[Excerpts from a dataset]
········
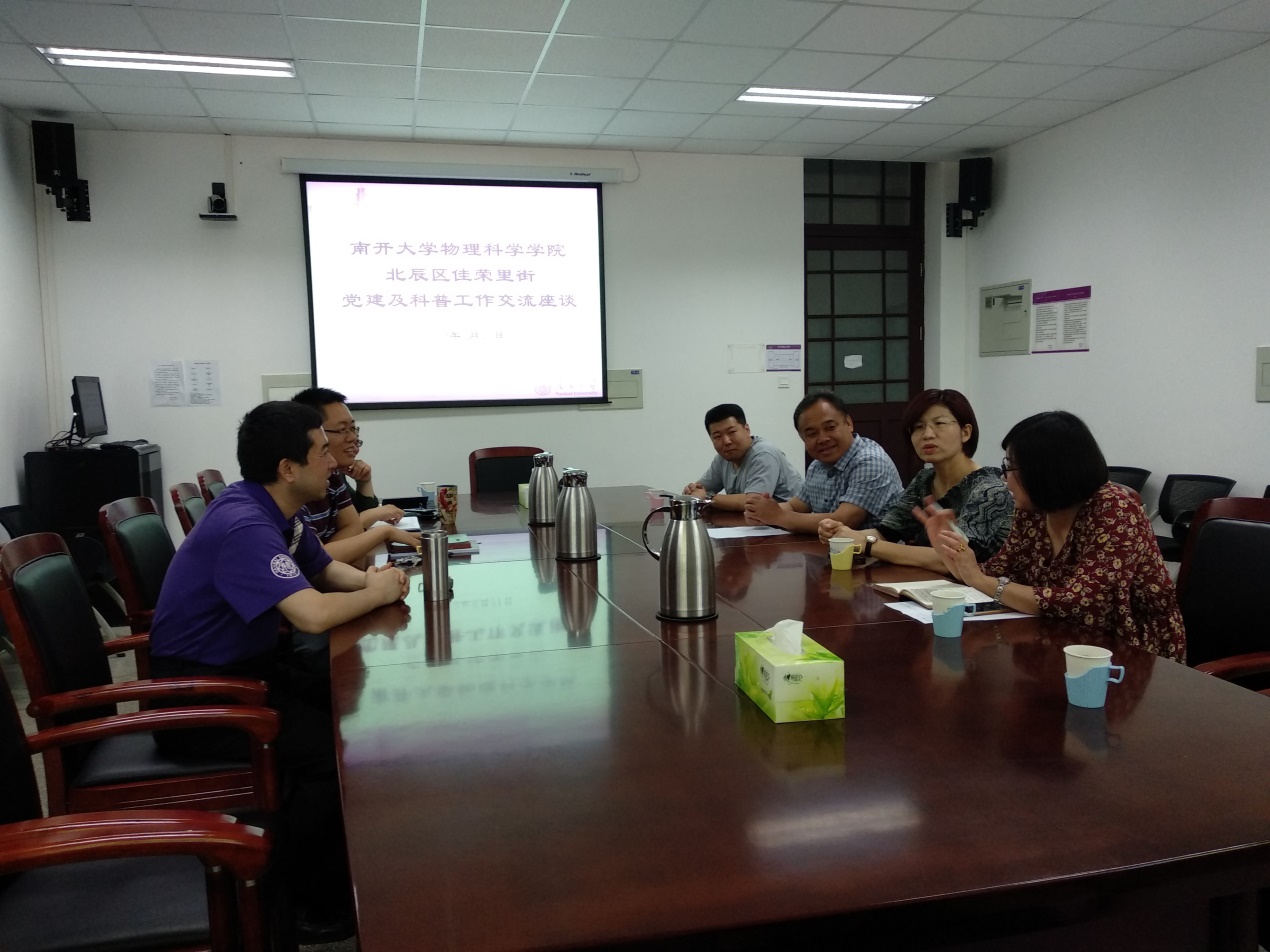5月22日上午,北辰区佳荣里街党工委副书记石岩华等一行人访问物理科学科学学院,就“三全育人”实践教育基地和党建工作等展开交流与座谈,学院党委负责人以及院工会主席等参加。交流会后,来访人员参观了物理演示实验厅。
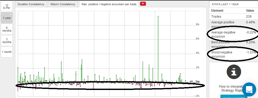 Oui tu as de bonnes excursions + et -, c'est un fait et c'est super MAIS à nouveau tes excursions négatives enchaînées sont ta fragilité formant ces à-coups de pertes journalières NON maîtrisées donnant de la volatilité malsaine à ton track record, c'est aussi un fait.
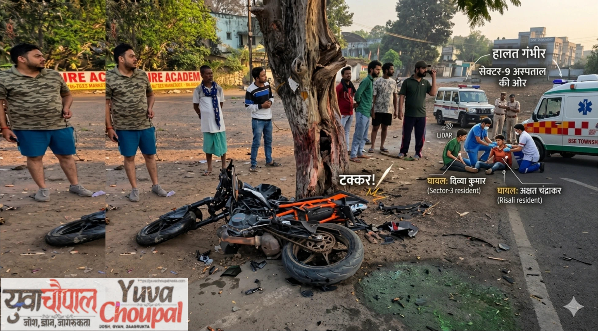 भिलाई में रफ्तार का कहर: पेड़ से टकराई केटीएम बाइक, दो किशोरों की हालत बेहद नाजुक
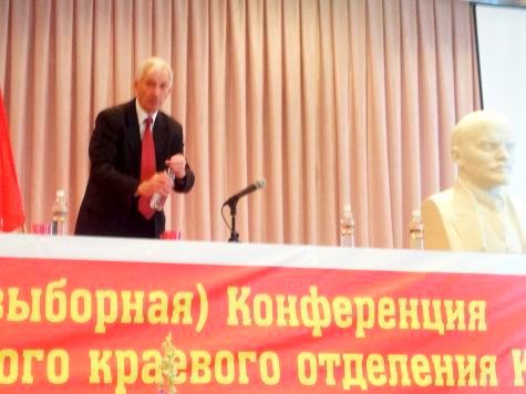 - Я прибыл в краевой Дом ветеранов на ул. Л.Толстого, где и должна была проходить конференция коммунистов, за несколько минут до ее начала: примерно, в 10.50. За два дня мне звонили с крайкома и приглашали на конференцию. Свободно прошел в зал, сел на второй ряд и стал ждать начала. Достал фотоаппарат и сделал несколько кадров. Это увидел и.о. 1-го секретаря крайкома КПРФ Александр Громов, который находился уже на трибуне, и метнулся из зала мимо, даже не поздоровавшись, хотя прекрасно меня знает.
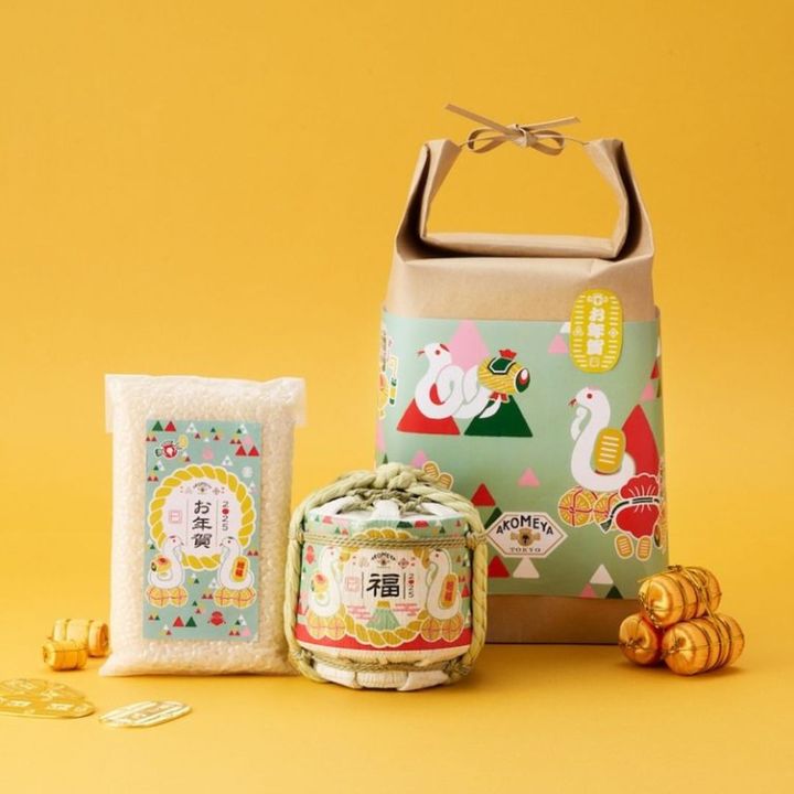 「AKOMEYA TOKYO」のお年賀ギフトは、和の心を感じる一味違った手土産に。可愛らしい豆樽の中には、兵庫県の櫻政宗で造られた日本酒の樽と、島根県飯南町産のコシヒカリ2合が入っています。日本酒は樽の後ろ側から注げるので、お正月のおめでたい席で盛り上がりそう!お米のギフトもママたちは素直に嬉しいですよね。
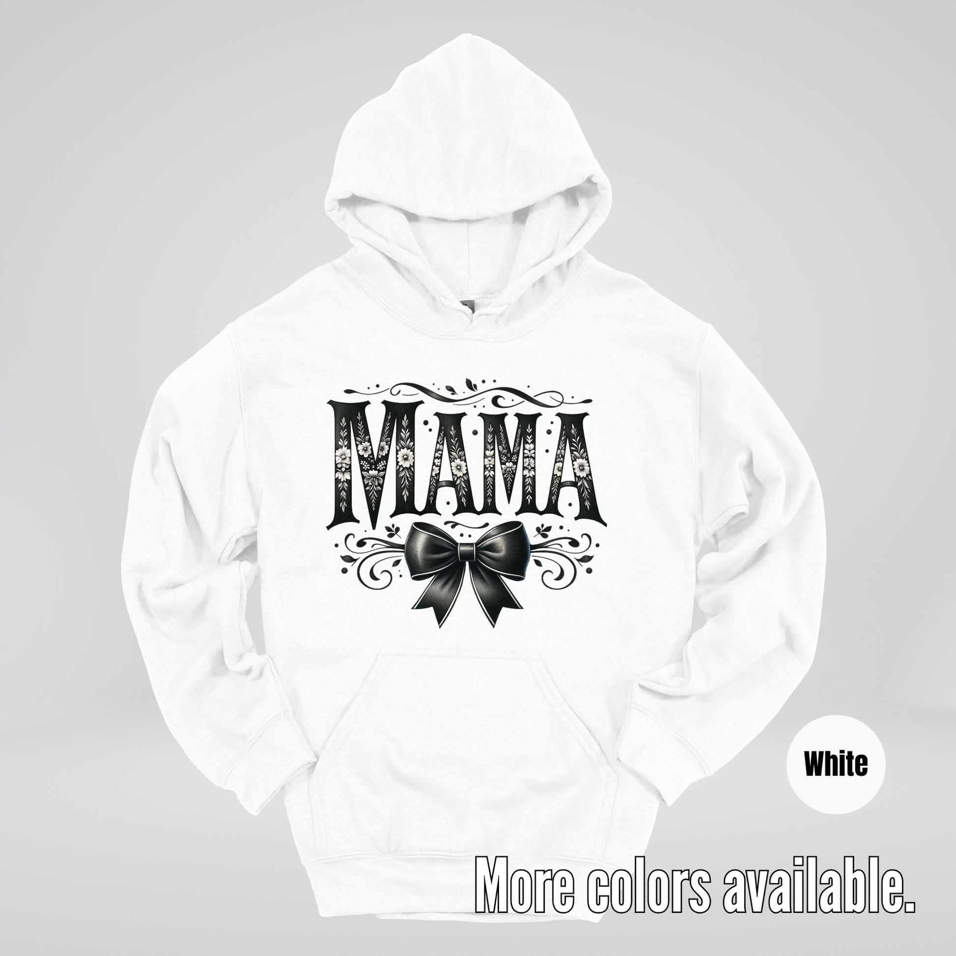 Rock this Mama Black & White Coquette Hoodie and show off your playful side. Made with a comfortable, soft material, this hoodie features a unique black and white design that will make you stand out. Perfect for moms on-the-go, this hoodie combines style and comfort in one quirky package.
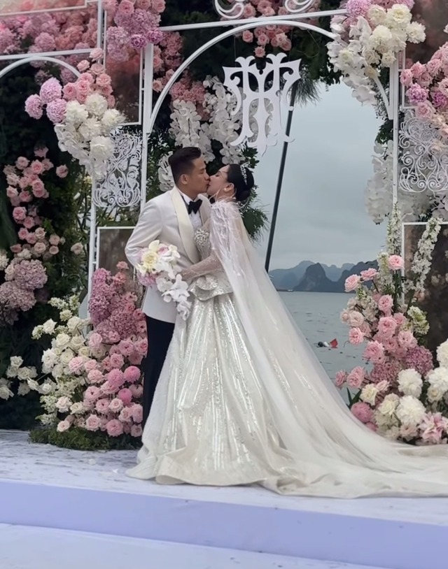 Trong giây phút thiêng liêng, nữ ca sĩ đã bật khóc nức nở và có nụ hôn say đắm bên chú rể trước sự chứng kiến của quan khách.
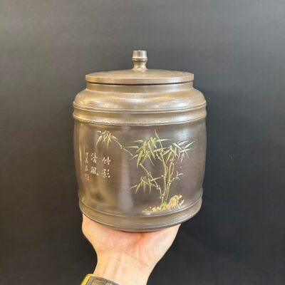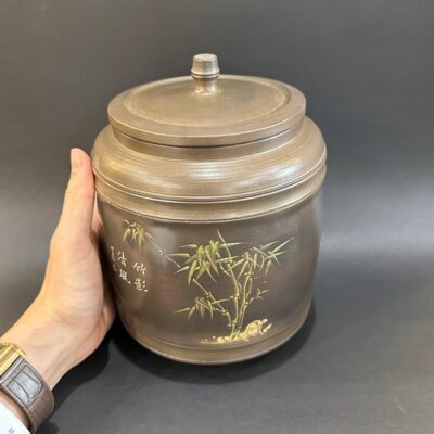 Hũ đựng trà tử sa nê hưng khắc trúc bảo quản trà lên men đẹp HT61
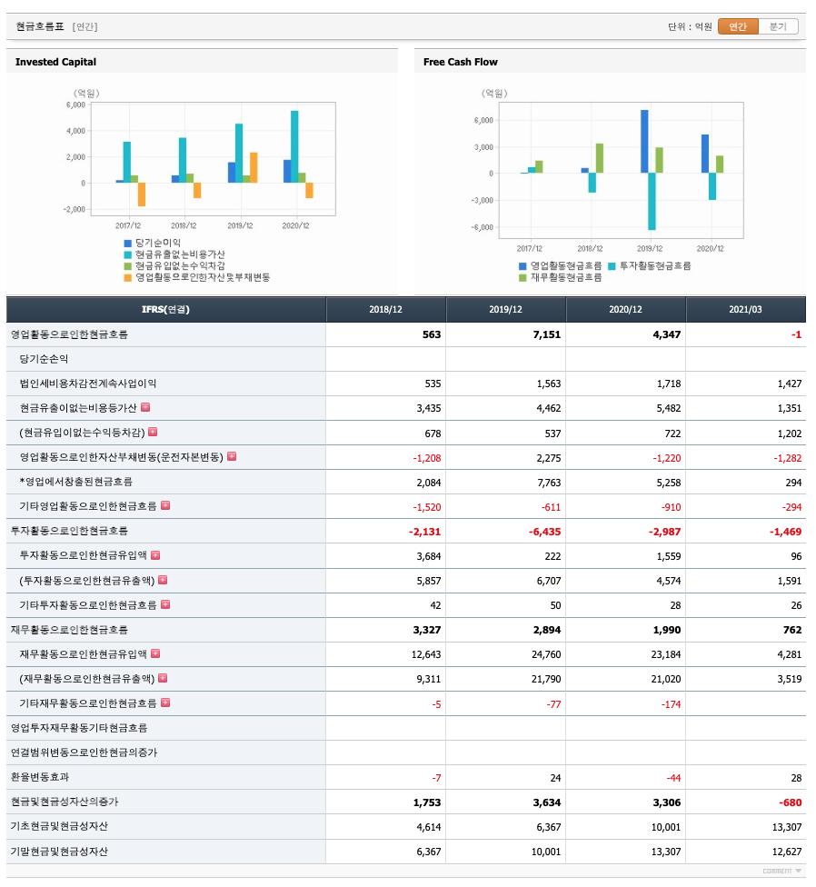 영업활동 현금흐름 : 2018년 563억원, 2019년 7151억원, 2020년 4347억원, 2021년 1분기 -1억원으로 2018년~2020년의 영업활동 현금흐름은 원활합니다.
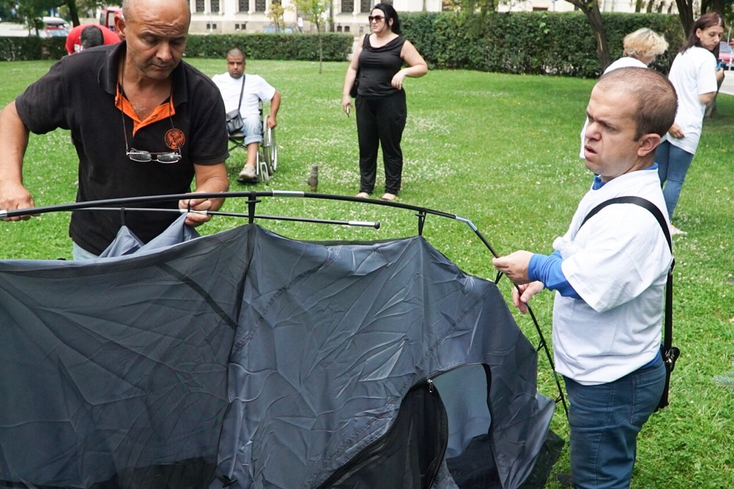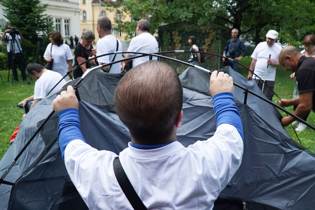 Втори палатков лагер изникна в близост до Народното събрание. Той отново е в защита на права на хора в увреждания, но е нещо като "контра" на палатката пред служебния вход на институцията, която вдигнаха преди месеци майките на деца с увреждания.
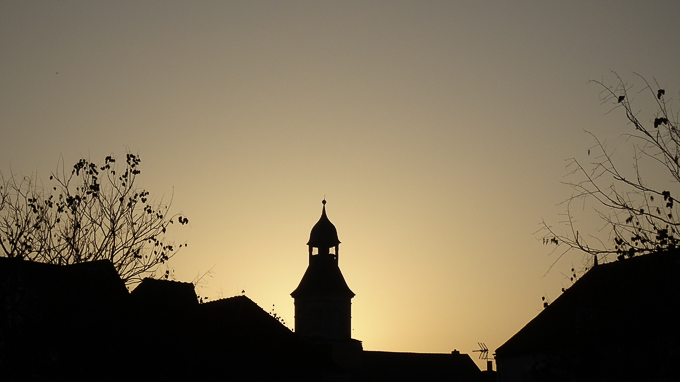 l’église St-Jean-Baptiste et son clocher tronqué date du 12ème siècle et faisait partie autrefois des fortifications de la ville
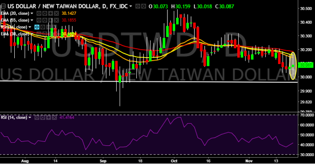 We prefer to take short position on USD/TWD only below 30.01, stop loss at 30.22 and target of 29.79/29.61 mark.
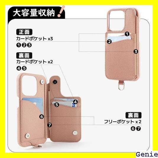 aPanda ショルダーケース iPhone15 15 eケース カット 収納ピンク iPhone 15 Pro 18
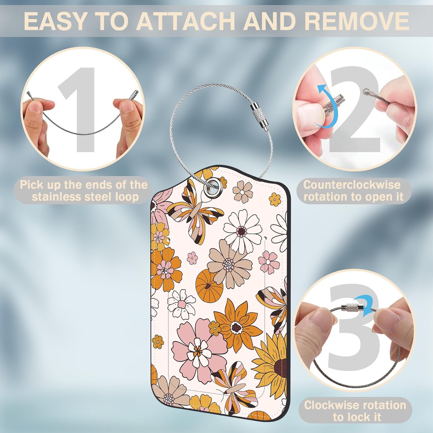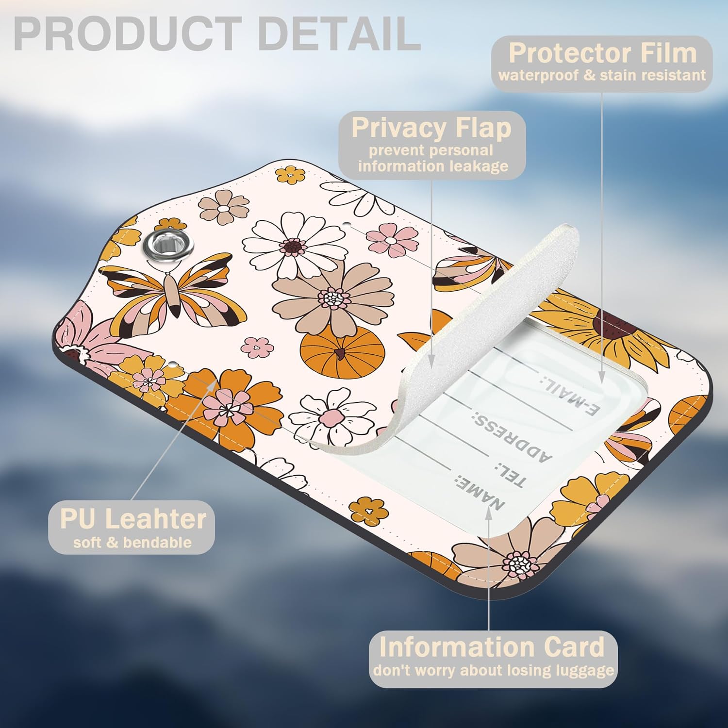 2 Pack Luggage Tags for Suitcases Retro Groovy Flowers and Butterfly Leather Luggage Tags Privacy Cover ID Label with Stainless Steel Loop and Address Card for Women Men Travel Bag Backpack
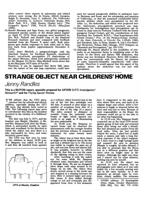 Randles,UFO 1977 near Children Home,England,FSR79V23N4
········
## Brief
Beginning at the line above that contains "We prefer to", repeat each line exactly through the one that contains "aPanda ショルダーケース iPhone15", and leave out the pictures.

## Exercise response
 We prefer to take short position on USD/TWD only below 30.01, stop loss at 30.22 and target of 29.79/29.61 mark.
 aPanda ショルダーケース iPhone15 15 eケース カット 収納ピンク iPhone 15 Pro 18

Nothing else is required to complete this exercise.